Problem description: What is needed is an exact retyping of the records below, from the first line through the line that contains "Verteilung von Kleidung, Spielsachen".

Data shown:

####

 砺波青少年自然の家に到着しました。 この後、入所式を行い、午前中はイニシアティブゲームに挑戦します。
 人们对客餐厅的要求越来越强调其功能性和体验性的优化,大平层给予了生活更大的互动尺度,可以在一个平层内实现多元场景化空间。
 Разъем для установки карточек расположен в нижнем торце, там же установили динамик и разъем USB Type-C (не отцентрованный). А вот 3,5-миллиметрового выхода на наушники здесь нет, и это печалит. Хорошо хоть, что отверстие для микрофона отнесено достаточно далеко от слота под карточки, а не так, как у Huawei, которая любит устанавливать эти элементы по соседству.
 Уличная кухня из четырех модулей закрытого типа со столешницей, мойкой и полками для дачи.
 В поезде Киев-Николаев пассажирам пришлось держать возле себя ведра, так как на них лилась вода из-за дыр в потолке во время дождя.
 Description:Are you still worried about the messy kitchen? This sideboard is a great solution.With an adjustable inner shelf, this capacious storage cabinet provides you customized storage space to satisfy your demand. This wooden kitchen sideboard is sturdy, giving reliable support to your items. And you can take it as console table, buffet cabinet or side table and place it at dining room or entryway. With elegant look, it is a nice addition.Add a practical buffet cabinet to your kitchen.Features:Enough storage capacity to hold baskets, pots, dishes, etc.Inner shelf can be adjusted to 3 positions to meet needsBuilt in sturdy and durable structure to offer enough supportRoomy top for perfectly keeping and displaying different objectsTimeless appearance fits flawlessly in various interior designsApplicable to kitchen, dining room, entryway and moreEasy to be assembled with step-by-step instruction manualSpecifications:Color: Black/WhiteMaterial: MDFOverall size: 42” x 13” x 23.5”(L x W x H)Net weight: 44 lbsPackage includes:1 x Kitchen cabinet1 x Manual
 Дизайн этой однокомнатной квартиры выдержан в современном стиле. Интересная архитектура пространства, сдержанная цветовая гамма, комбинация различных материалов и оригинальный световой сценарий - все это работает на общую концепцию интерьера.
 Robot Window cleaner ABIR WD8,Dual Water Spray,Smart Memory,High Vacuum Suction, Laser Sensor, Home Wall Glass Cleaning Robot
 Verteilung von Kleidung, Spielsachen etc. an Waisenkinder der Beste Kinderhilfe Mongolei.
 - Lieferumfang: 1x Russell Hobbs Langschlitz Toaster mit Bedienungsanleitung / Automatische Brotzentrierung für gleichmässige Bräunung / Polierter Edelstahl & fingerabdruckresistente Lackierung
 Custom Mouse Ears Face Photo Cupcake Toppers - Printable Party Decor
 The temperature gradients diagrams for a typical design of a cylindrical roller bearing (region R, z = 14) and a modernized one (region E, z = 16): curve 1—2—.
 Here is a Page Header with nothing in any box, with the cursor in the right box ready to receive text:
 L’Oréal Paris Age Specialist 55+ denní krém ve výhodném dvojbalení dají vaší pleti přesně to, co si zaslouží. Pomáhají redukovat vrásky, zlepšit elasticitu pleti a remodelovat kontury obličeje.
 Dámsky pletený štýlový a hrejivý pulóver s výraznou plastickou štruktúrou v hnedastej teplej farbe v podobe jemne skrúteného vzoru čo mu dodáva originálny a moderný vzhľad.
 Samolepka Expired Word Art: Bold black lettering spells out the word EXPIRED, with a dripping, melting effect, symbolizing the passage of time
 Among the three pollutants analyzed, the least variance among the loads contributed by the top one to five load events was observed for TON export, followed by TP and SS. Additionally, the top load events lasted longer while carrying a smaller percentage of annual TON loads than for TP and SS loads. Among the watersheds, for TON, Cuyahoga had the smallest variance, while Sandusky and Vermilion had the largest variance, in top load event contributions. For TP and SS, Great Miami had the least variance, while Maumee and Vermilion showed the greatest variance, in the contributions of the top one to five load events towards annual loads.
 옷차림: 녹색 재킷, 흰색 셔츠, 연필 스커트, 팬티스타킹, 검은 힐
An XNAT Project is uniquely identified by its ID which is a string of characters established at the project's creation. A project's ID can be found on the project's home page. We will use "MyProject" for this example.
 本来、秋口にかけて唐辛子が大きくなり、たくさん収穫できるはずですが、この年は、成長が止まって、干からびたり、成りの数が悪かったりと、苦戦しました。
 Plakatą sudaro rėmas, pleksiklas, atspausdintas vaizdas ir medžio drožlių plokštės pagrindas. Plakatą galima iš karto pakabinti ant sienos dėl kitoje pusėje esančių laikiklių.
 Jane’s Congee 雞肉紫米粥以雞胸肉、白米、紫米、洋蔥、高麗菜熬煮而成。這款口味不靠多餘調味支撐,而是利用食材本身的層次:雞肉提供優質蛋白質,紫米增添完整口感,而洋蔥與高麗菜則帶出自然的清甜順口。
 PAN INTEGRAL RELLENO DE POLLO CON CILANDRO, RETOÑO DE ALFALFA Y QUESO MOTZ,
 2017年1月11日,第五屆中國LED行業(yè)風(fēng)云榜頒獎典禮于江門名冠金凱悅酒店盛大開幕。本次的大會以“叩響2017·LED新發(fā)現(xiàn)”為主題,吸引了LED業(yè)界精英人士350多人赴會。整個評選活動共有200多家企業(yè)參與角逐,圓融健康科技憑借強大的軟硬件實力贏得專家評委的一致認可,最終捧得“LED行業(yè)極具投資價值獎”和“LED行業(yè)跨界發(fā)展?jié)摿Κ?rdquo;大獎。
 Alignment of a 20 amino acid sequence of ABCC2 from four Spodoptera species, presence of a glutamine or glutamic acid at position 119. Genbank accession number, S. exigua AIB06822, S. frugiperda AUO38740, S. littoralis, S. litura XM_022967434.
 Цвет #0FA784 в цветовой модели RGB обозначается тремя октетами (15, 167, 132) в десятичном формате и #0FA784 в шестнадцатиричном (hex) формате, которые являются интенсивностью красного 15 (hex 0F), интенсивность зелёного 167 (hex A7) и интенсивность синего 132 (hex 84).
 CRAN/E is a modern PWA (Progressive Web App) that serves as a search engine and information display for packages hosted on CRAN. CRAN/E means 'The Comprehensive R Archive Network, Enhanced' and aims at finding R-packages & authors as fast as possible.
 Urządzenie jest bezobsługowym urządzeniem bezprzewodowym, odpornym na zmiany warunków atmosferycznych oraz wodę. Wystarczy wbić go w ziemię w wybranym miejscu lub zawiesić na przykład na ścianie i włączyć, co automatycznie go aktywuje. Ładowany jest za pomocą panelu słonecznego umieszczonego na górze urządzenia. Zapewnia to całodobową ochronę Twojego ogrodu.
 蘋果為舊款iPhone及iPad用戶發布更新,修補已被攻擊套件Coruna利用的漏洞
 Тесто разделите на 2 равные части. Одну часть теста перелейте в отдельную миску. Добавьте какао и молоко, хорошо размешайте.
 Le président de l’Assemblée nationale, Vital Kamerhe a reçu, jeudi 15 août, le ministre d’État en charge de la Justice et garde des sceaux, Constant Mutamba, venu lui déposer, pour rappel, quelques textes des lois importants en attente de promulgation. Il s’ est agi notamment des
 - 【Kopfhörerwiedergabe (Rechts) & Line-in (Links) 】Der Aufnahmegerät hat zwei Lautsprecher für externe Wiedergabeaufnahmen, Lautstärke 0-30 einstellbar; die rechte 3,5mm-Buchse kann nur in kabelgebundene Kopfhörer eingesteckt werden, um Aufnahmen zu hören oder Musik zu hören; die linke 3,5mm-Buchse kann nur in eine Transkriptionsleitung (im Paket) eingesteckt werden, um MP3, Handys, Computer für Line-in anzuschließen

####

Task result:
 砺波青少年自然の家に到着しました。 この後、入所式を行い、午前中はイニシアティブゲームに挑戦します。
 人们对客餐厅的要求越来越强调其功能性和体验性的优化,大平层给予了生活更大的互动尺度,可以在一个平层内实现多元场景化空间。
 Разъем для установки карточек расположен в нижнем торце, там же установили динамик и разъем USB Type-C (не отцентрованный). А вот 3,5-миллиметрового выхода на наушники здесь нет, и это печалит. Хорошо хоть, что отверстие для микрофона отнесено достаточно далеко от слота под карточки, а не так, как у Huawei, которая любит устанавливать эти элементы по соседству.
 Уличная кухня из четырех модулей закрытого типа со столешницей, мойкой и полками для дачи.
 В поезде Киев-Николаев пассажирам пришлось держать возле себя ведра, так как на них лилась вода из-за дыр в потолке во время дождя.
 Description:Are you still worried about the messy kitchen? This sideboard is a great solution.With an adjustable inner shelf, this capacious storage cabinet provides you customized storage space to satisfy your demand. This wooden kitchen sideboard is sturdy, giving reliable support to your items. And you can take it as console table, buffet cabinet or side table and place it at dining room or entryway. With elegant look, it is a nice addition.Add a practical buffet cabinet to your kitchen.Features:Enough storage capacity to hold baskets, pots, dishes, etc.Inner shelf can be adjusted to 3 positions to meet needsBuilt in sturdy and durable structure to offer enough supportRoomy top for perfectly keeping and displaying different objectsTimeless appearance fits flawlessly in various interior designsApplicable to kitchen, dining room, entryway and moreEasy to be assembled with step-by-step instruction manualSpecifications:Color: Black/WhiteMaterial: MDFOverall size: 42” x 13” x 23.5”(L x W x H)Net weight: 44 lbsPackage includes:1 x Kitchen cabinet1 x Manual
 Дизайн этой однокомнатной квартиры выдержан в современном стиле. Интересная архитектура пространства, сдержанная цветовая гамма, комбинация различных материалов и оригинальный световой сценарий - все это работает на общую концепцию интерьера.
 Robot Window cleaner ABIR WD8,Dual Water Spray,Smart Memory,High Vacuum Suction, Laser Sensor, Home Wall Glass Cleaning Robot
 Verteilung von Kleidung, Spielsachen etc. an Waisenkinder der Beste Kinderhilfe Mongolei.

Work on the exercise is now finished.